[Twisted-Python] access an XMLRPC service through an HTTP proxy
Antoine Pitrou
solipsis at pitrou.net
Wed Dec 29 07:49:17 EST 2004
> I'm using twisted.web.xmlrpc.Proxy to connect to an XMLRPC service.
> Unfortunately there are situations in which I have to go through an HTTP
> proxy, yet there doesn't seem to be an option for this (and looking at
> the code, the connection to the remote server is quite "harwired").
Replying to myself... The following seems to work (I didn't test with
HTTPS) :
import urlparse
import twisted.web.xmlrpc as xmlrpc
class ProxiedXMLRPC:
"""
A Proxy for making remote XML-RPC calls accross an HTTP proxy.

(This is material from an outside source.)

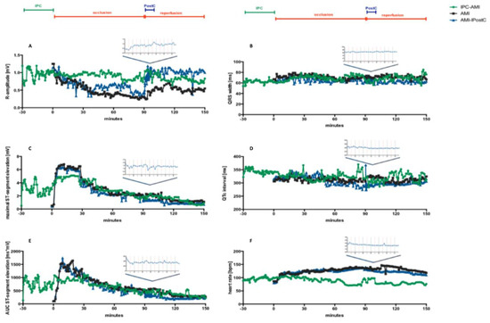 Continuous recording of the ischemia and conduction-related electrophysiological parameters. (A) R-amplitude, (B) maximum ST-elevation, (C) ST area under the curve (AUC-ST), (D) QRS width, (E) QTc interval, and (F) heart rate. Green line: group ischemic preconditioning-acute myocardial infarction (IPC-AMI), black line: group AMI, blue line: group AMI-PostC.

Pass the URL of the remote XML-RPC server to the constructor,
as well as the proxy host and port.
Use proxy.callRemote('foobar', *args) to call remote method
'foobar' with *args.
"""
def __init__(self, reactor, url, proxy_host, proxy_port):
self.reactor = reactor
self.url = url
self.proxy_host = proxy_host
self.proxy_port = proxy_port
parts = urlparse.urlparse(url)
self.remote_host = parts[1]
self.secure = parts[0] == 'https'
def callRemote(self, method, *args):
factory = xmlrpc.QueryFactory(self.url, self.remote_host, method, *args)
if self.secure:
from twisted.internet import ssl
self.reactor.connectSSL(self.proxy_host, self.proxy_port,
factory, ssl.ClientContextFactory())
else:
self.reactor.connectTCP(self.proxy_host, self.proxy_port, factory)
return factory.deferred
Regards
Antoine.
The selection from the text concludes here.